Volume 5, Number 1, January - March 2001



  

HARRY BENJAMIN INTERNATIONAL GENDER DYSPHORIA ASSOCIATION'S

THE STANDARDS OF CARE FOR GENDER IDENTITY DISORDERS -- SIXTH VERSION

XIII. Post-Transition Follow-up

Long-term postoperative follow-up is encouraged in that it is one of the factors associated with a good psychosocial outcome. Follow-up is important to the patient's subsequent anatomic and medical health and to the surgeon's knowledge about the benefits and limitations of surgery.

Long-term follow-up with the surgeon is recommended in all patients to ensure an optimal surgical outcome. Surgeons who operate on patients who are coming from long distances should include personal follow-up in their care plan and attempt to ensure affordable, local, long-term aftercare in the patient's geographic region.

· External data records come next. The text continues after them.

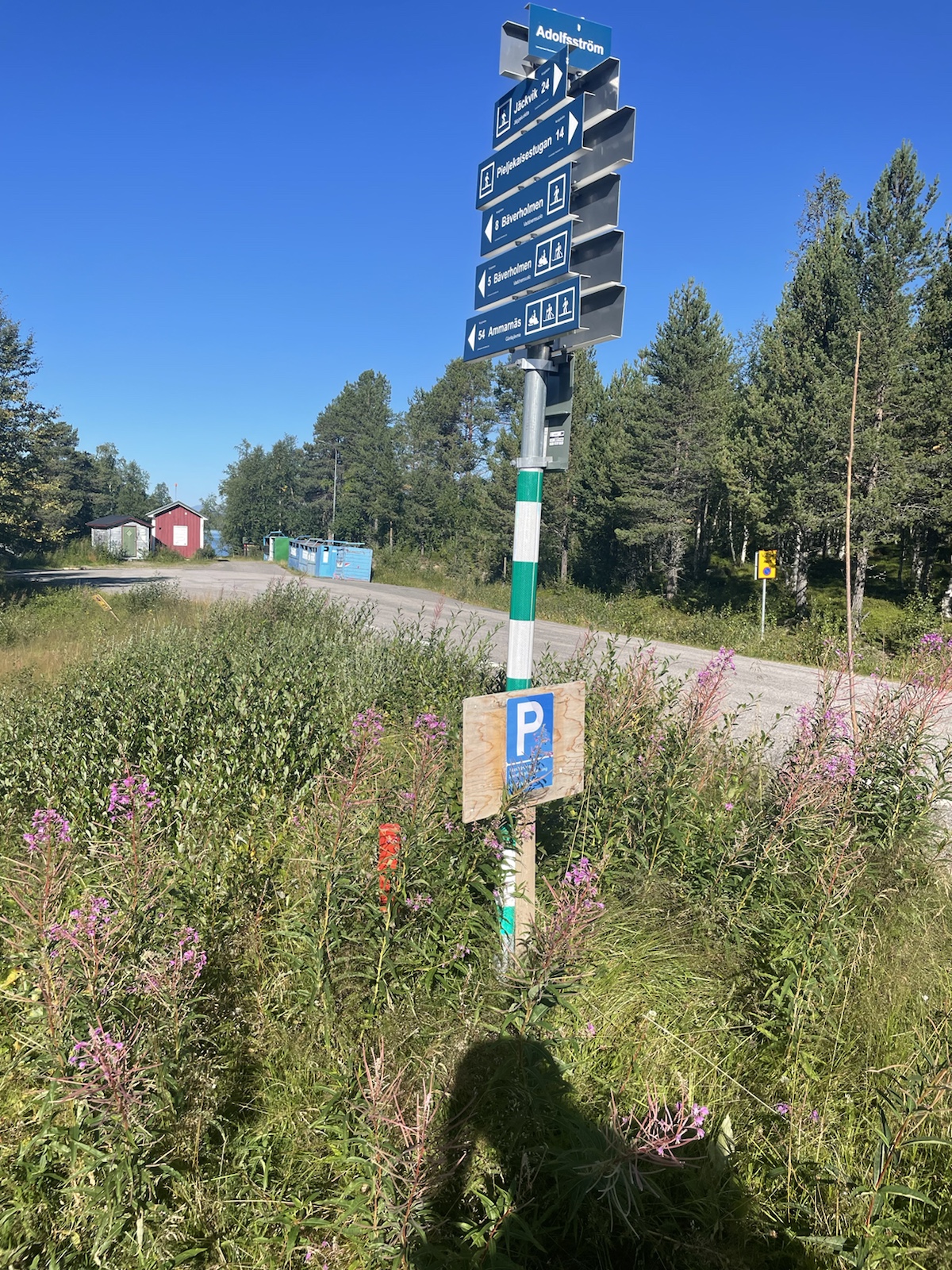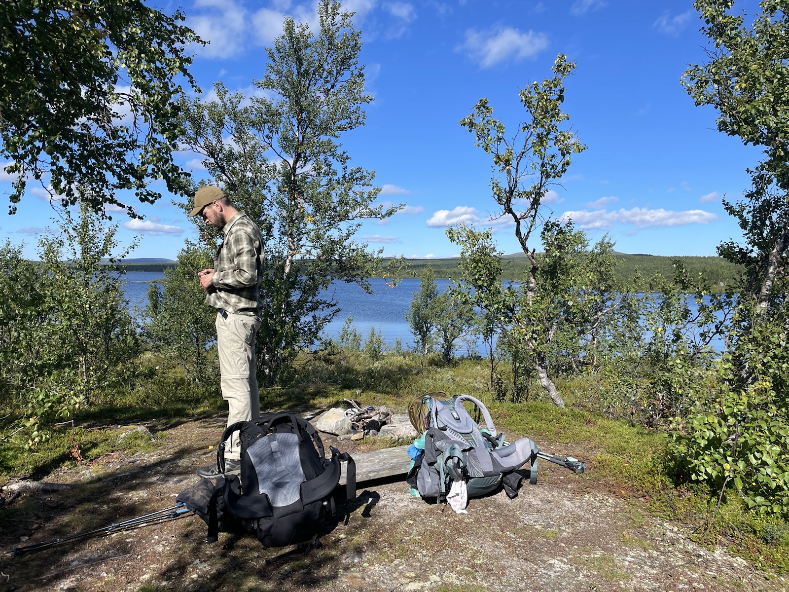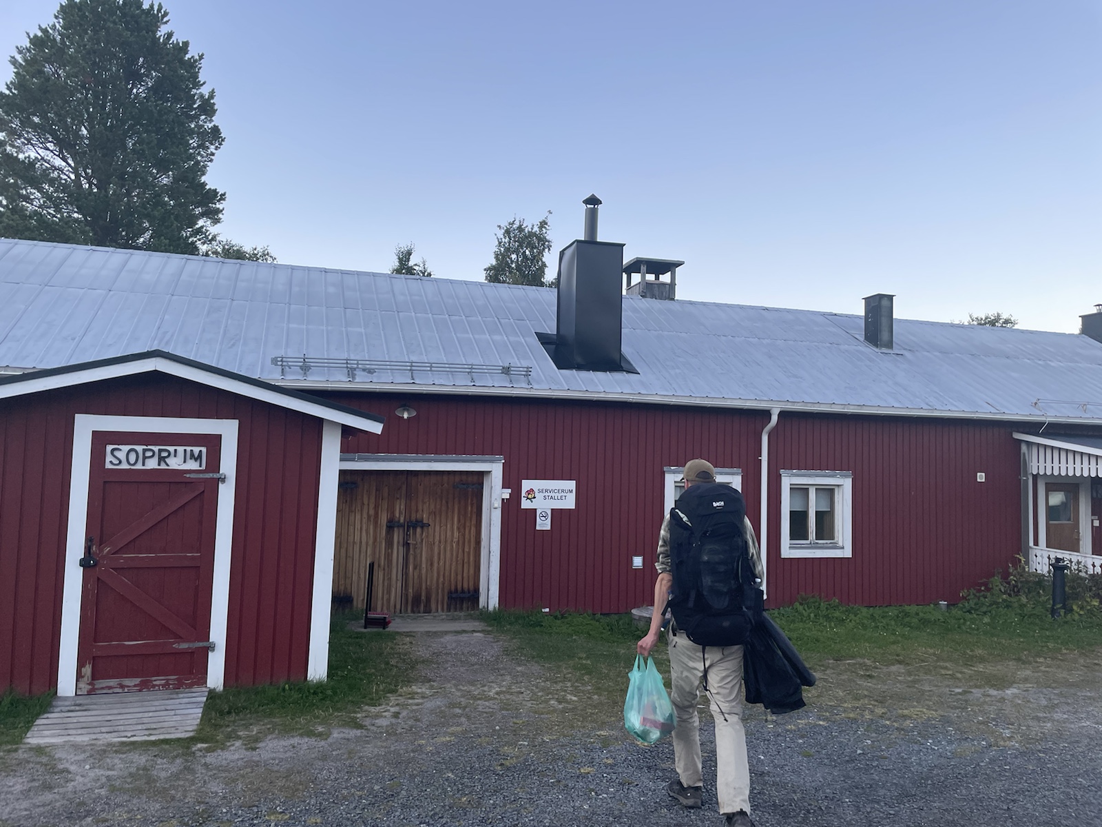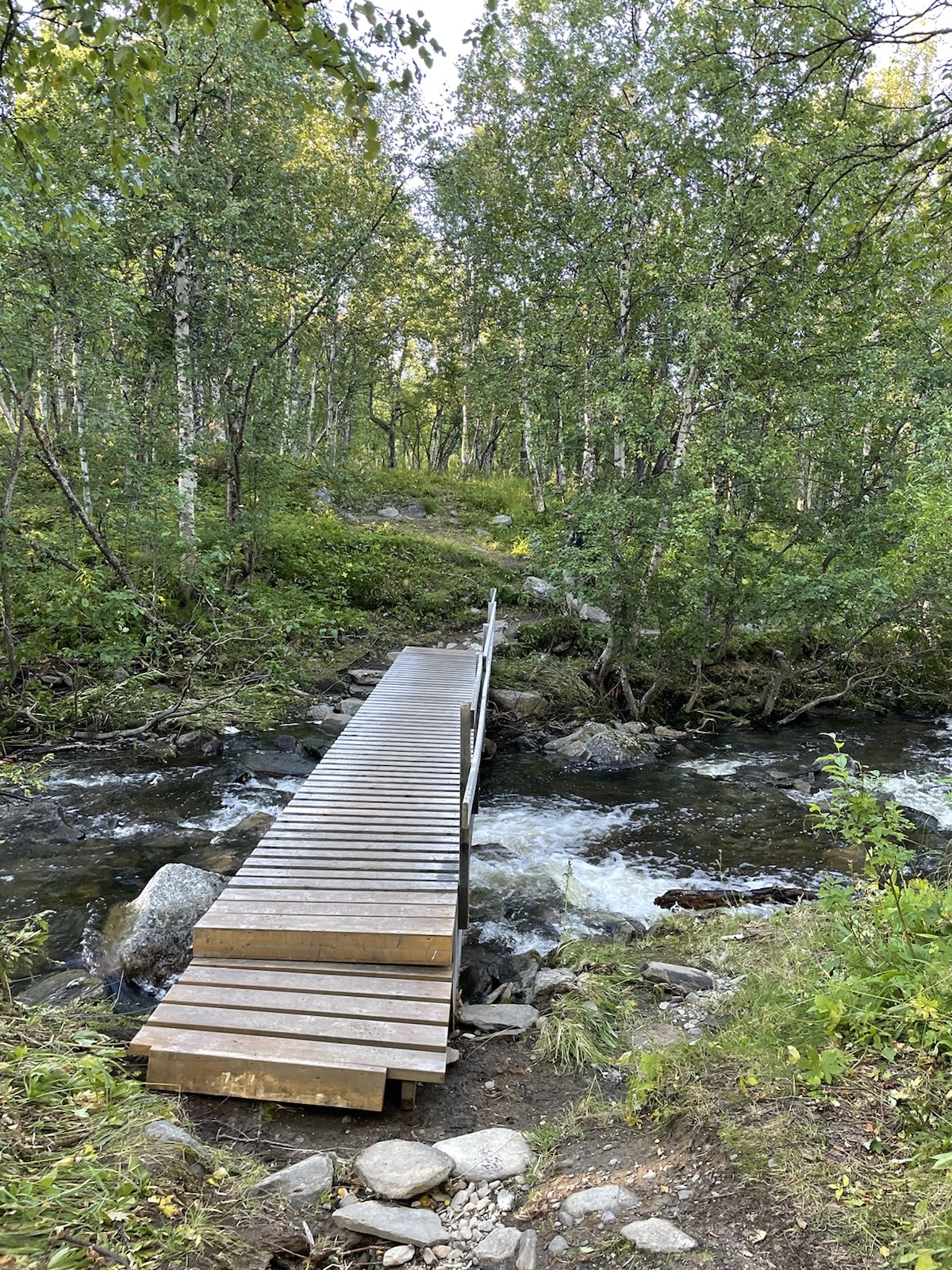 Die Wanderung hatte perfektes Wetter. Alles war toll. Nur noch wenig Schlamm. Nur leicht feuchte Wanderschuhe. Eigentlich alles gut, eigentlich. Ich hatte unglaublich schlechte Laune und war einfach erschöpft. Die Wanderung kam mir endlos vor. Meine Motivation war abwesend. Döös hatte die Theorie, das wir bisher jeden Tag wiedrige Umstände gehabt hätten, was uns immer vom Gewicht des Rucksacks, unseren Müden Gliedern und sonstigen Unanehmlichkeiten abgelenkt hätten. Ich glaube, er hatte teilweise Recht. Denke aber, dass ich einfach erschöpft war, ich freute mich einfach nur noch auf die Waschmaschine (???), welche es den Bernerinner zufolge in der Unterkunft in Jäckvik geben soll und auf die Sauna. Um ca 16.00 Uhr hatte ich kurz Empfang und sah auf google Maps, dass der Super akt nur bis 19.00 Uhr offen hatte. Von da an stressten wir, um anzukommen, bevor dieser schliesst. Schliesslich kamen wir bei der Brücke an, welche wieder stand. Jedoch sahen wir am Ufer, dass das Wasser sehr viel höher gewesen war.Ich weiss nicht, wie gut man es erkennt, aber das Gras rechts ist plattgedrückt. Links ist ein Flusslauf zu erkennen und der Birkenstamm, war wohl eine Hilfe, um die Stelle zu überqueren. Der ganze Abstieg schien vom Wasser abgetragn worden zu sein und war relativ steil. Als wir in Jäckvik ankamen, gingen wir direkt an der Unterkunft vorbei in den Supermarkt. Ich war absolut überfordert und fühlte mich fehl ab Platz. Der Laden in Ammarnäs war wie ein Volg, mit viel Werkezug. Dieser Laden war wie ein grosser Coop. Die Auswahl überforderte uns. Ich liebe die Oatly Auswahl. Sie haben sogar Joghurt, welches wirklich gut ist.Bei der Unterkunft angekommen, warteten wir zunächst beim Eingang, weil niemand in der Rezeption war. Es stamd zwar, man könne anrufen, aber weil Telefonieren im Ausland teuer ist, wollten wir abwarten. Wir trafen dort auf einen der beiden Franzosen, der überrascht war, dass wir schon hier sind, weil er uns am Vortag nicht in Adolfström angetroffen hatten. Er erzählte, dass er nicht wie wir einen Pausentag einlegen, sondern direkt weiterwandern werde, da er bereits die Bootsfahrt für den nächsten Tag reserviert habe. So lernten wir, dass auch wir dem Bootsführer bescheid geben müssen, damit dieser uns 18km von Jäckvik entfehrnt über den See fahren wird.
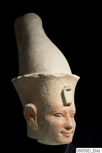 Sandstone head depicting Sesostris I wearing the double crown for Upper and Lower Egypt. On his forehead he has a rearing cobra, a so called uraeus that was a symbol for royal power. The statue is said to originate from the Karnak temple at Thebes. Like several other statues depicting Sesostris I, it may have been repainted and reused by later kings. This statue head was received as a gift from the Egyptian government in 1972 as an acknowledgement for the efforts of Sweden in the international Nubian campaign.
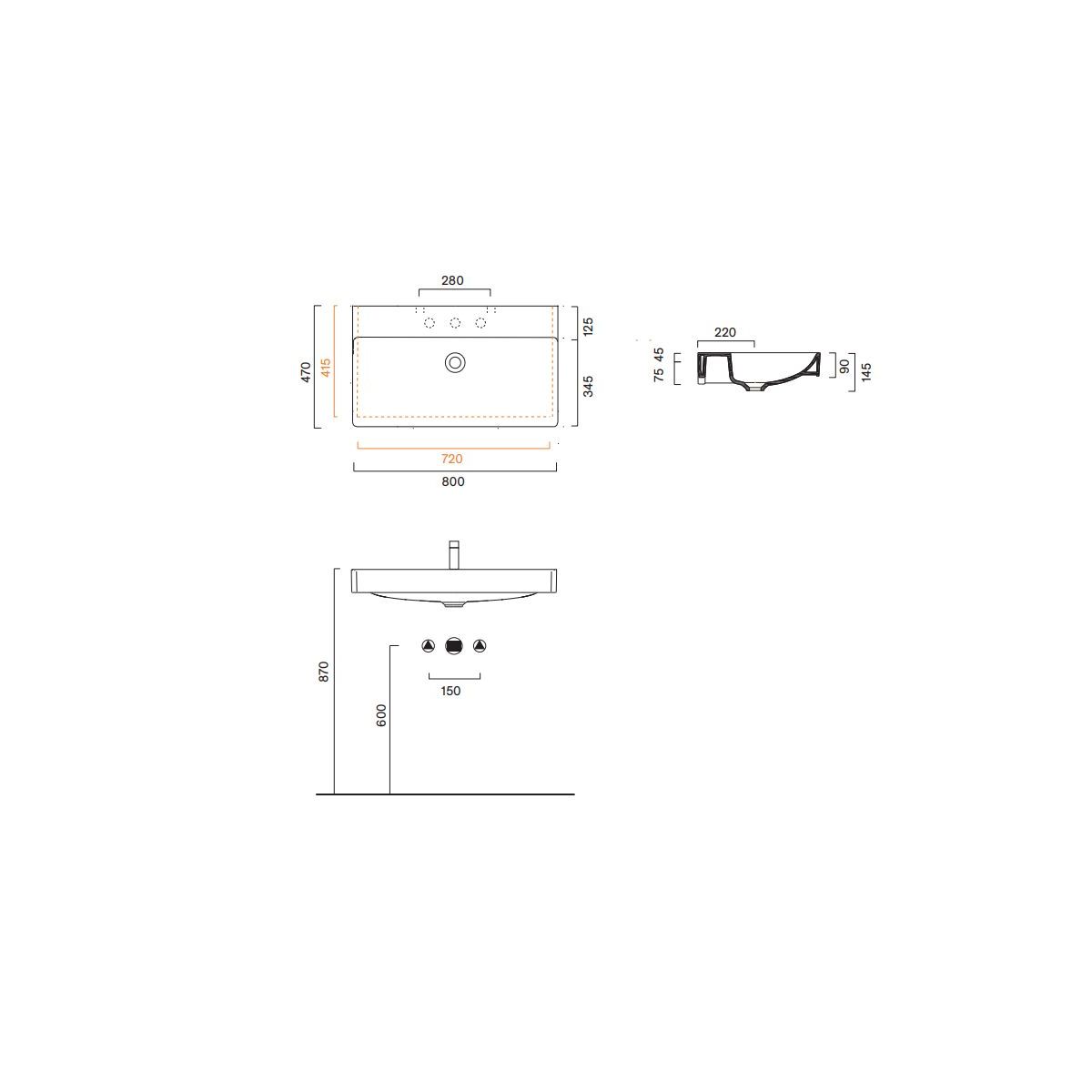 Der Preis gilt nur für das Waschbecken ohne Wasserhahnbohrung.
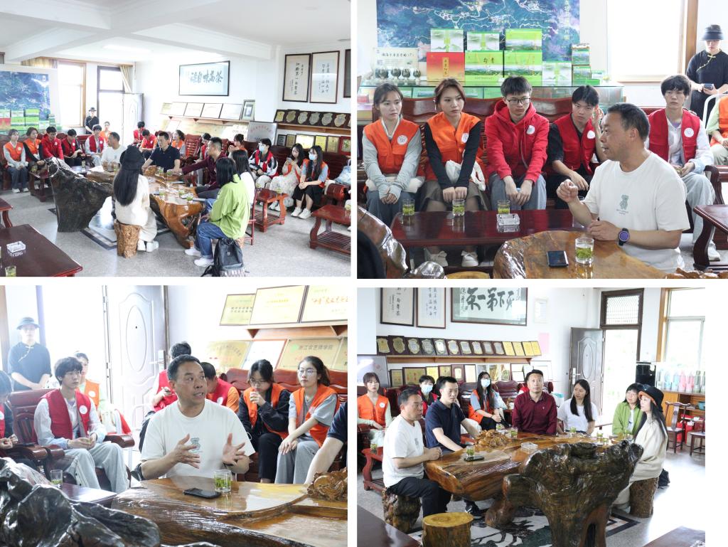 羊岩山茶厂党委书记朱朝安为了让广文师生一到羊岩山就能喝上茶,提前让工作人员在会客厅泡好茶。朱朝安表示,他特别重视在青年一代进行茶文化普及和兴趣培养。悠悠茶韵勾往事,朱朝安分享了他与羊岩山的故事,并以其父辈和自身的经历阐述了羊岩山 “自强不息,艰苦奋斗,科学求精,开拓进取” 精神,教导年轻人要学会吃苦耐劳,希望同学们艰苦奋斗不负老一辈的心血。他号召更多青年人加入茶产业成为“现代农民”,利用科技更好进行茶叶培养。
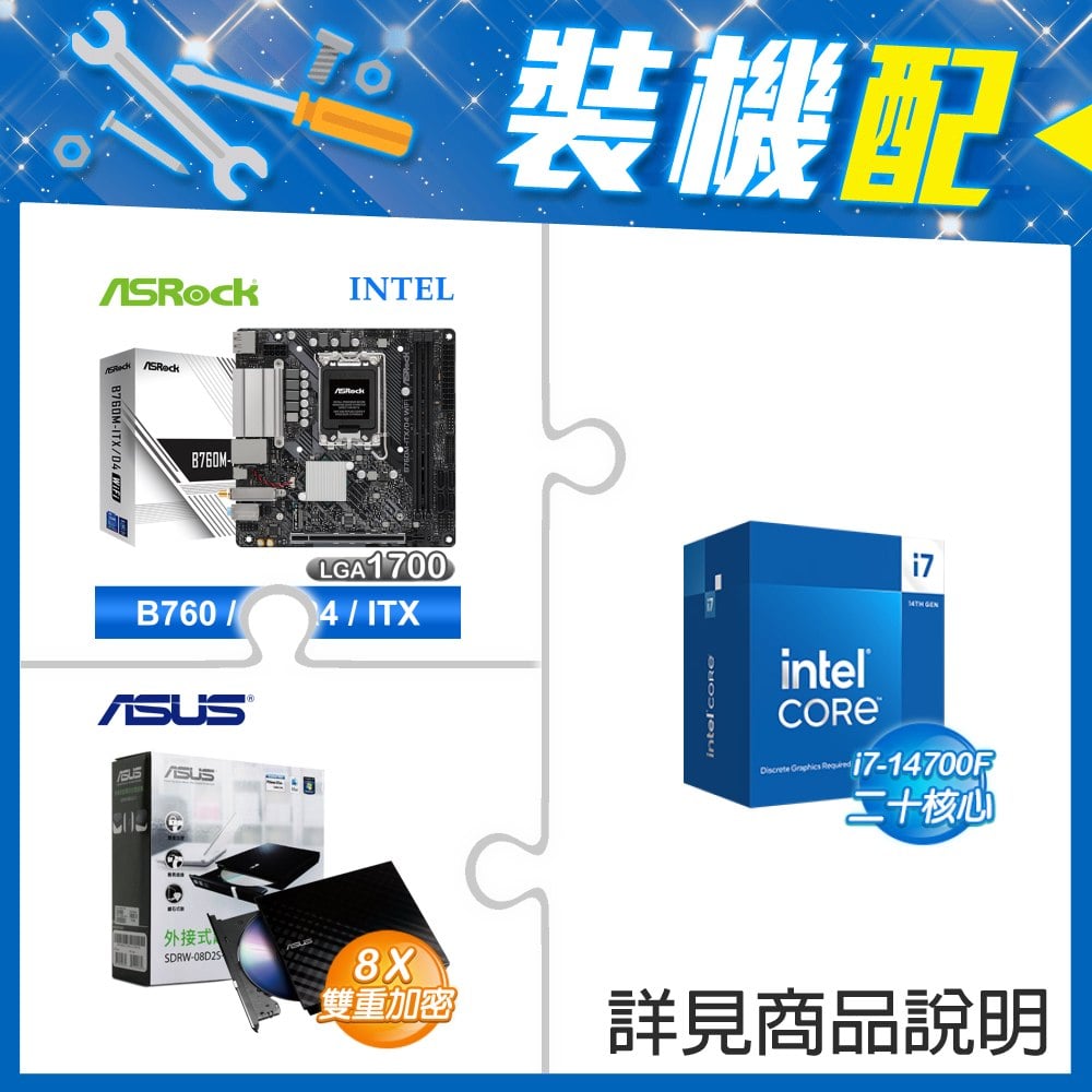 ☆裝機配★ i7-14700F+華擎 B760M-ITX/D4 WiFi ITX主機板+華碩 SDRW-08D2S-U 外接式燒錄機《黑》
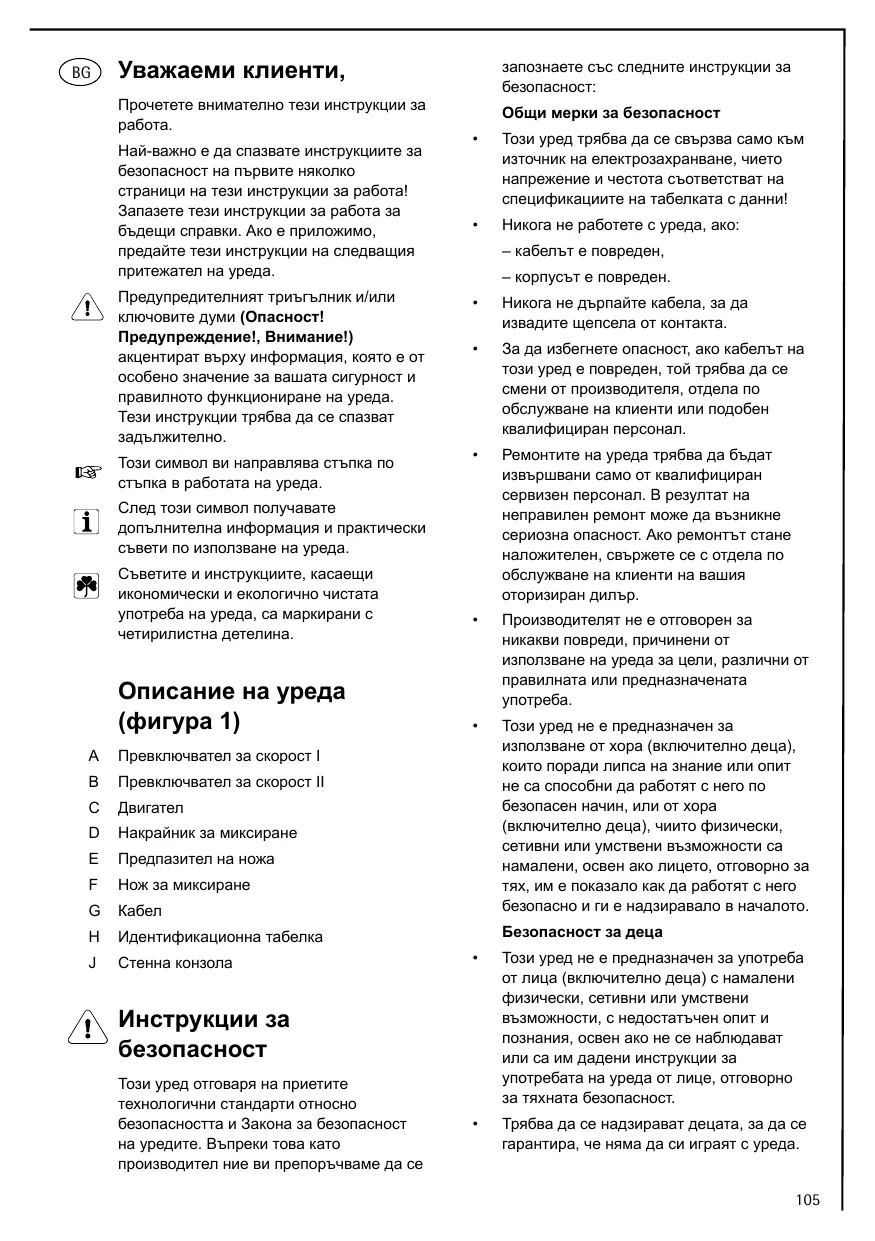 A Commutateur pour vitesse I B Commutateur pour vitesse II C Bloc moteur D Outil mélangeur E Protection lame F Couteau mélangeur G Cordon de branchement H Plaque signalétique J Support mural

Postoperative patients may also sometimes exclude themselves from follow-up with the physician prescribing hormones, not recognizing that these physicians are best able to prevent, diagnose and treat possible long term medical conditions that are unique to hormonally and surgically treated patients. Postoperative patients should undergo regular medical screening according to recommended guidelines for their age. The need for follow-up extends to the mental health professional, who having spent a longer period of time with the patient than any other professional, is in an excellent position to assist in any post-operative adjustment difficulties.